EVER ELUSIVE – A POST-DIGITAL INSTITUTION

Tuce Erel talks to Kristoffer Gansing

I would like to talk a bit about your background first. How did you start to engage with the field of new media art?

How I personally started to engage with new media art has to do with my background in film studies and also in film making. Back in Sweden I studied Film Studies at a university where they also allowed students to gain practical experience.
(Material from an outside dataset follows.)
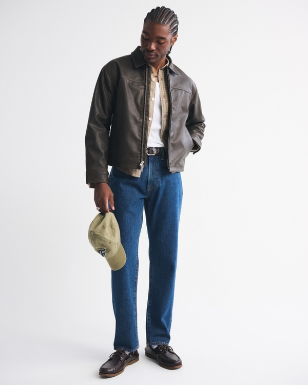 Our new lightweight trucker-style jacket in a soft vegan leather fabric and cropped length, featuring a relaxed-fit silhouette, side pockets with interior chest pocket, fold-down collar, zip-up front and lightweight interior lining. Imported.

The teacher I had back then was from the San Francisco Art Institute. He had been taught by some great American underground experimental film-makers like George Kuchar, and taught us about others, like Stan Brakhage. All these people were experimenting with the materiality of the media in the experimental cinema scene of the 1960s. For me this scene was a precursor to the media art that came later. These people really liked to cross disciplines and were reflecting about the materiality of the medium they were working in. Stan Brakhage was scratching films and pasting things onto the film material. All this new media stuff came about at the end of 1990s when I was still a student, and it was quite big at my university in Sweden. They really tried to push for new media and IT to become part of our education. And as I was doing an MA in Cultural Production, I saw this link between the previous experimental cinema that I was interested in and the new net-art, where you also had this disruptive way of telling stories that was not only about linear narration, but also about reflecting on structural issues and the significance of the materiality of the medium.